Vaststellingsovereenkomst moet schriftelijk zijn vastgelegd
Advocaat-Generaal (AG) IJzerman heeft in zijn conclusie aangegeven dat een vaststellingsovereenkomst alleen rechtsgeldig is als deze schriftelijk is vastgelegd. Dit oordeel wijkt af van de eerdere hofuitspraak.
In deze zaak ging het om een bv die advies- en begeleidingswerkzaamheden verrichtte. De directeur-grootaandeelhouder (dga) van deze bv deed de administratie. Na een boekenonderzoek bij de bv legde de Belastingdienst naheffingsaanslagen (tool) voor de BTW en navorderingsaanslagen (tool) voor de VPB met boetes op.
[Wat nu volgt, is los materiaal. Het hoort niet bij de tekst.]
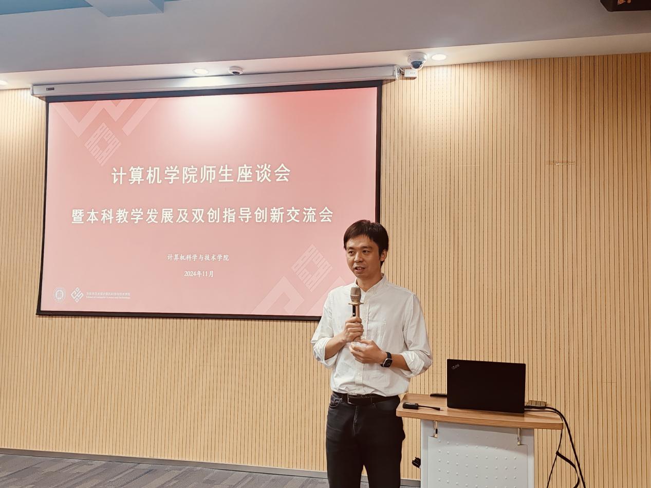 11月13日中午,91直播 在理科大楼B112举办师生座谈会暨本科教学发展及双创指导创新交流会。学院副院长陈蕾、青年联谊会会长徐飞出席,学院督导等二十余位老师和十余位学生共同参加了此次会议。会议由徐飞、陈蕾依次主持。
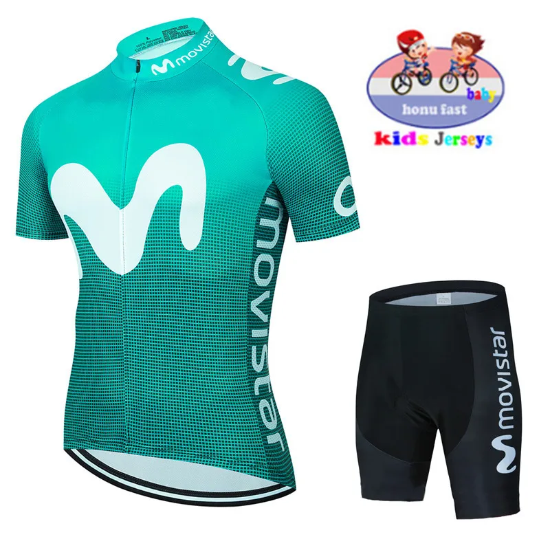 2022 флуоресцентный зеленый Детский командный дышащий велосипедный Джерси Movistar для мальчиков велосипедная одежда Детский Комплект Джерси для горного велосипеда

De fiscus stelde in overleg met de dga voor om de totale boete naar € 10.000 te brengen. Door dit voorstel zouden de ingediende bezwaarschriften tegen de boetes vervallen. De dga gaf echter aan dat er geen compromis tot stand was gekomen omdat hij dit voorstel niet had geaccepteerd. De fiscus vond dat er wel sprake was van een overeenkomst.
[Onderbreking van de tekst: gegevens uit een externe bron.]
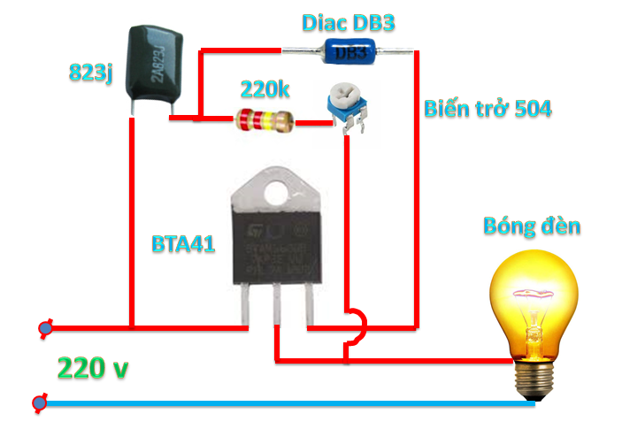 Các bạn sẽ ráp theo mạch điện tử đơn giản này. Ngõ ra của mạch các bạn sẽ gắn với bóng đèn sợi đốt để test ngõ ra, các bạn sẽ chỉnh biến trở để đèn sáng dần từ mờ tới sáng tỏ, các bạn mắc đồng hồ vạn năng song song với bóng đèn để đo điện áp hiệu dụng, nếu điện áp này đạt 110v là đạt yêu cầu.

Geen rechtsgeldig compromis gesloten
Hof Arnhem-Leeuwarden gaf aan dat de inspecteur voldoende bewezen had dat er een compromis tot stand was gekomen omdat de rechter vond dat duidelijk was dat de dga het voorstel had aanvaard, er waren ook geen wilsgebreken geconstateerd bij de dga. De dga stelt voor de hoogste rechter dat de wijze waarop wordt geconstateerd dat er een compromis is gesloten niet aansluit bij het Burgerlijk Wetboek en het besluit Fiscaal Bestuursrecht, waarin is opgenomen dat een vaststellingsovereenkomst schriftelijk moet worden vastgelegd. Dit is volgens hem niet gebeurd. De AG sluit zich hierbij aan. Conform de eigen regels van de Belastingdienst moet de overeenkomst schriftelijk worden vastgelegd. Als dit niet gebeurt, worden het vertrouwensbeginsel en het beginsel dat een bestuursorgaan conform de beleidsregels moet handelen geschonden. Er is dus geen rechtsgeldig compromis tot stand gekomen. Nu is het nog even afwachten of de Hoge Raad zich hierbij aansluit.